Jermyn, who proved to be a hound-faced sad-eyed elder statesman of unmistakably British origin, eyed Houghton’s unorthodox attire with only the briefest flicker of astonishment. Then, with silent efficiency, he set about fulfilling his master’s orders.
When he came downstairs for lunch Houghton felt as if he were something under glass in a wax museum, labeled The Mauve Decade. He wore peg-top trousers, a stiff-collared long-sleeved shirt with pleated bosom and a speckled Norfolk jacket with belt and pleats in the back.
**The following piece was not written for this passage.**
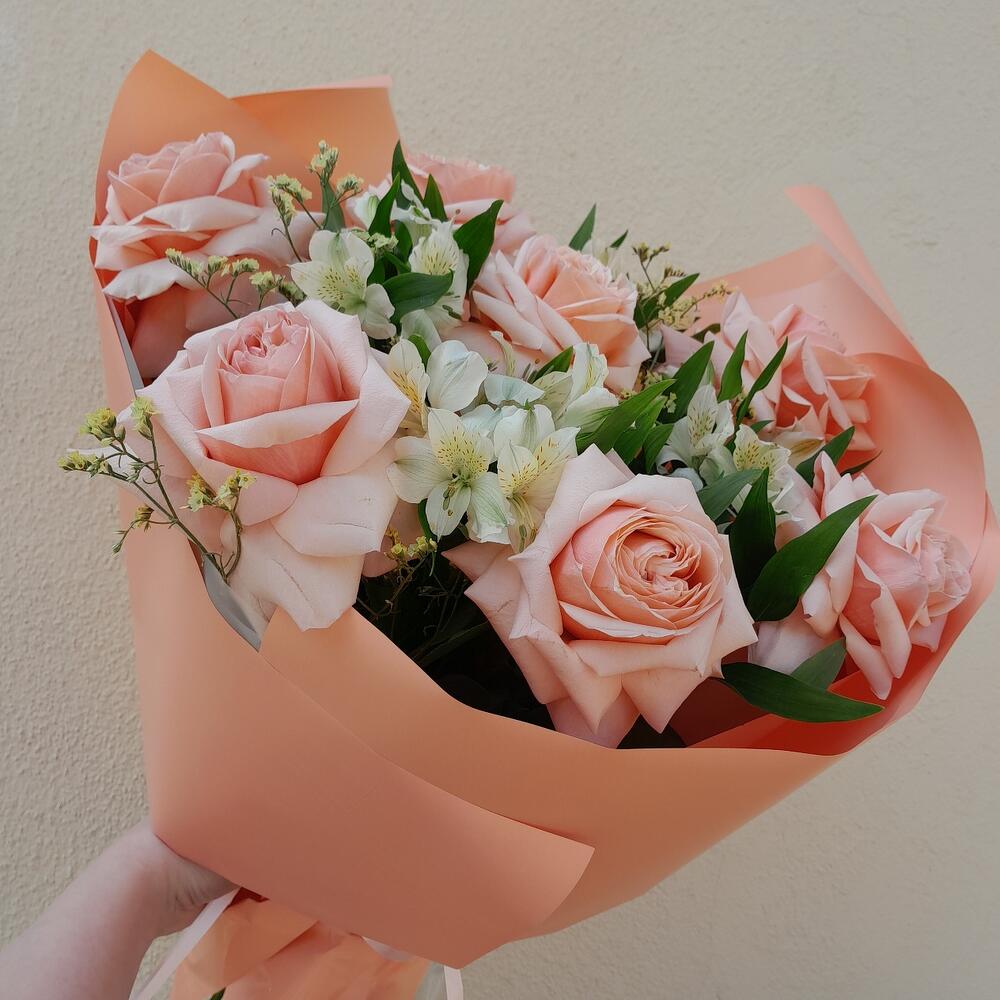 Альстромерия – 6 шт.Лимониум – 3 шт.Лента атласная – 2 шт.Упаковка дизайнерская – 3 шт.Роза французская – 7 шт.

His tie might have doubled for a shoe-lace—and his shoes were pointed of toe and buttoned.
“My, aren’t we handsome!” mocked Alison when he joined her at the Chippendale table in the small dining room overlooking the side lawn.
“We’re choking to death,” he told her, trying vainly to work a finger between collar and neck.
The luncheon—it was far more than lunch—was elaborately prepared and served and in quantity overwhelming to a young man fresh from the era of salads and ulcers. There was a heavy bean soup, served from an immense silver tureen, followed by a fish course, a roast and sherbet, potatoes, broccoli and a complex and sweet dessert—served by a footman whose aim in life seemed to be achievement of Jermyn’s dolorous gravity.